Arthur T Knackerbracket has found the following story:
Six months after slicing production of the iconic Boeing 747 to just one plane a month, the aerospace company has decided to halve the rate of production and flagged it is close to killing off the plane.
A new Form 10-Q filed with the United States Securities and Exchange Commission spells out the ugly situation as “Lower-than-expected demand for large commercial passenger and freighter aircraft and slower-than-expected growth of global freight traffic have continued to drive market uncertainties, pricing pressures and fewer orders than anticipated.”
Boeing has therefore “canceled previous plans to return to a production rate of 1.0 aircraft per month beginning in 2019.”

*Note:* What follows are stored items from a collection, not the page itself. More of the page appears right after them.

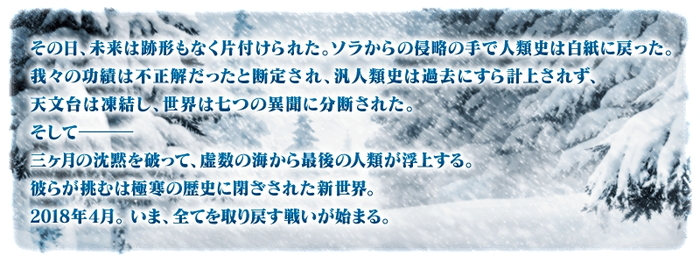 舞台は人類史滅亡後の新世界。永久凍土の極寒の地より、新たな物語が始まる。
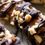- Place chocolate chips and coconut oil in small dish and microwave with 20 second bursts stirring between each one until melted and smooth.Or use double boiler method - (pot of boiling water with a bowl resting on top) melt the chocolate chips and the coconut oil together.Once melted, spoon or drizzle melted chocolate over each piece, covering the top.Return to the freezer for 30–60 minutes until fully set.Enjoy straight from the freezer or let sit for 2–3 minutes to soften slightly.Store in an airtight container in the freezer for up to 2 weeks.
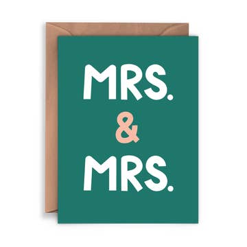 Celebrate love in all its forms with this elegant and heartfelt greeting card. Perfect for congratulating the happy couple, this design features timeless typography in a soft blue and coral palette, complemented by a clean and modern layout. Retailers, this card is a must-have for wedding season, offering customers a chic and inclusive way to wish the newlyweds their happily ever after. Printed on 100% recycled paper and paired with an eco-friendly teal envelope, itâs a beautiful addition to any card wall. Card reads: âwishing you both Mr. & Mr. a happily ever afterâ DETAILS: âą A2 size (4.25 x 5.5â) âą Blank inside for personal notes âą Printed on 100% recycled paper âą Includes an eco-friendly teal envelope âą Designed + printed in the USA CATEGORIES: Greeting Cards, Wedding, LGBTQ+, Love + Romance, Sustainable Paper Goods
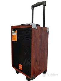 Speaker, Bellissima Cassa bluetooth portatile speaker karaoke trolley, 6000 Watt pmpo di picco , altoparlante da 8 pollici . Cassa trolley, scocca interamente in legno, microfono wireless di alta qualità. Batteria da 3000 mha ricaricabile incorporata, può essere collegata anche direttamente alla corrente elettrica qualora si dovesse scaricare la batteria. Amplificatore incorporato. Prodotto di altissima qualità, sia a livello di rifiniture che di qualità di riproduzione della musica , karaoke trolley, 6000 Watt pmpo di picco💣 , altoparlante da 8 pollici . Frequenza 150-18khz. Funzione bluetooth wireless, ingresso USB, radio FM, ingresso micro SD, ingresso aux , ingresso DC 12V IN, ingresso L R, possono essere collegati mixer e cdj . Display digitale, manopole volume, manopole regolazione bassi e alti . Nella confezione in dotazione,N. 2 microfoni wireless senza fili , telecomando di qualità, cavo per ricaricare con spina standard europea. Prodotto di altissima qualità, bassi secchi e avvolgenti, per un sound fantastico. Interamente in legno, qualità della musica riprodotta eccezionale. Tecnologia di pressurizzazione dell altoparlante, compatto ma potente . Modalità TWS, possono essere collegati in modalità bluetooth 2 altoparlanti contemporaneamente e suonano la stessa musica, senza bisogno di collegare fili . Misure: altezza 42 cm , larghezza 25 cm profondità 25 cm, cassa compatta ma molto potente. SUONO ECCELLENTE!.

The company still has “32 undelivered aircraft” on its books, some yet to be built. But it also has “a number of completed aircraft in inventory” for which buyers cannot be found.
Production of the 747 will therefore been reduced just six planes a year as of September 2016 and the filing makes it plain that Boeing knows it may soon have a difficult decision to make.

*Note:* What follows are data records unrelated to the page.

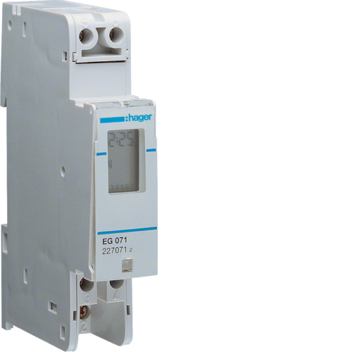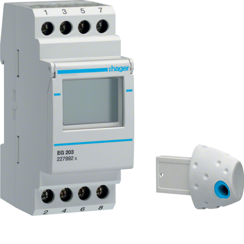 В квартирах, частных домах, на предприятиях, в офисах и других производственных помещениях все чаще применяются таймеры для управления освещением, отоплением, вентиляцией, ролл-ставнями, и отдельными электрическими устройствами в зависимости от времени. Для этой цели концерн Hager предлагает цифровые и аналоговые таймеры. Особенно выделяются цифровые таймеры cronotec благодаря простому управлению через программный ключ. Этот ключ служит элементом памяти для программы коммутации. С его помощью программа может быть быстро введена в несколько таймеров Hager.Технические характеристики:
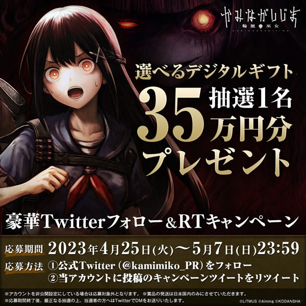 配信日が6月6日に決定したことを記念して「選べるデジタルギフト35万円分」が1名に当たるTwitterフォロー&RTキャンペーンを「かみ巫女」公式Twitterにて開催いたします。
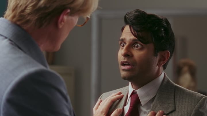 Surprisingly, one of the show's freakiest scenes comes from the otherwise goofy and unsuspecting Norm (Asif Ali), Vision's work buddy. During a scene in which Vision and Norm are discussing the implimentation of computers in the workplace and emails, Vision and Norm discover an email from Darcy Lewis (Kat Dennings) which signals to Vision that something is drastically wrong in his otherwise perfect world. Upon releasing Norm from a presumed hypnotic state, Vision tries to calm a panicked Norm, asking him to explain what's going on. Unfortunately for Vision, Norm can't seem to relax, frantically asking after his sister and announcing "she's in my head." Whilst this makes a lot more sense for viewers now with the knowledge that both Wanda and Agatha have some divided control over the townsfolk, the scene in context of the episode was quite frightening and concerning. This becomes one of the first key moments of the series in which we start to hear Wanda spoken about in a potentially villainous light.
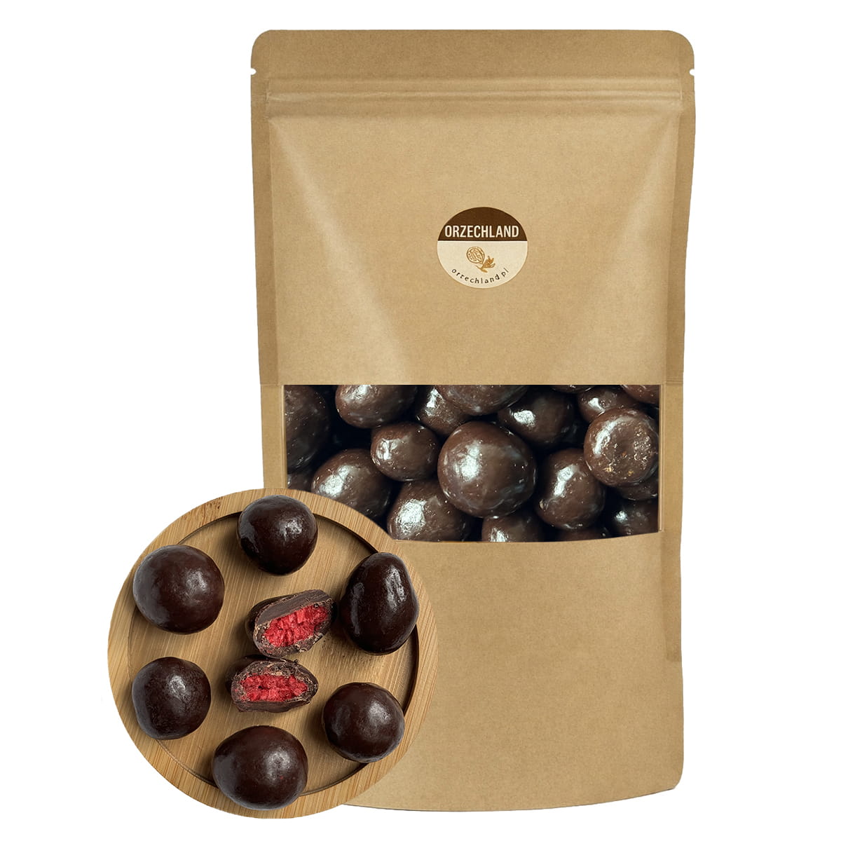Malina w gorzkiej czekoladzie 250g – idealny balans między owocową kwasowością a wytrawnym smakiem

“If we are unable to obtain sufficient orders and/or market, production and other risks cannot be mitigated,” the filing says, “we could record additional losses that may be material, and it is reasonably possible that we could decide to end production of the 747.”
The 747 remains a fine aircraft, but twin-engine planes can now match it for capacity and, crucially, for long flights over areas where airports are scarce.

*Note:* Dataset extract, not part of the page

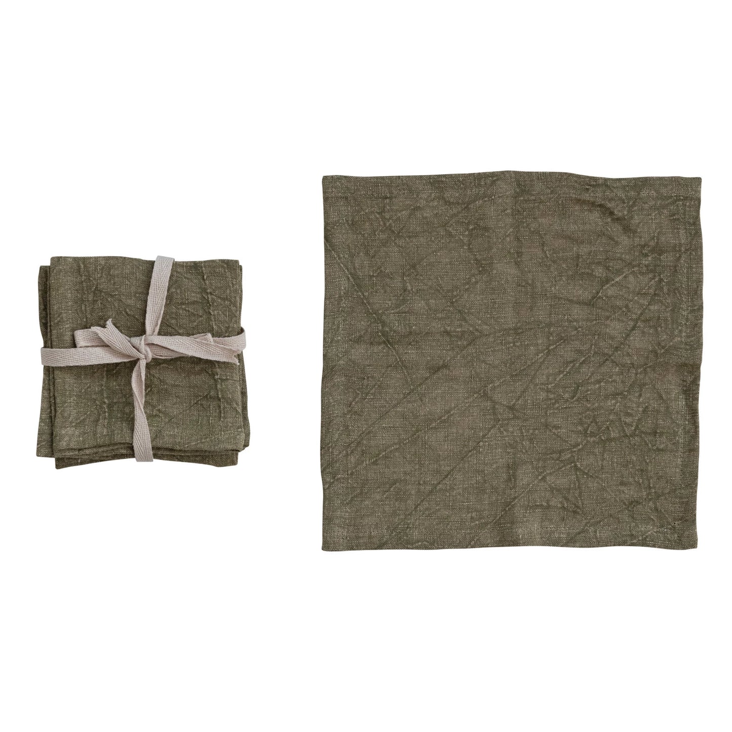Stonewashed Linen Cocktail Napkins - Green - Set of 4

(Score: 0) by Anonymous Coward on Saturday July 30 2016, @09:26PM
If I'm flying overseas, I'd feel more comfortable with 4 engines instead of 2.
(Score: 2) by isostatic on Sunday July 31 2016, @12:06AM
If a 4 engine plane could run on 1 engine you'd be right, but as I understand it two engine failure in both a twin and a 4 lead to crashing.
As such an engine failure rate of 1% means that a 4 engine planes has .01% chance of crashing, same as a twin.
(Score: 2) by gottabeme on Sunday July 31 2016, @08:46PM
That is incorrect. Did you google it?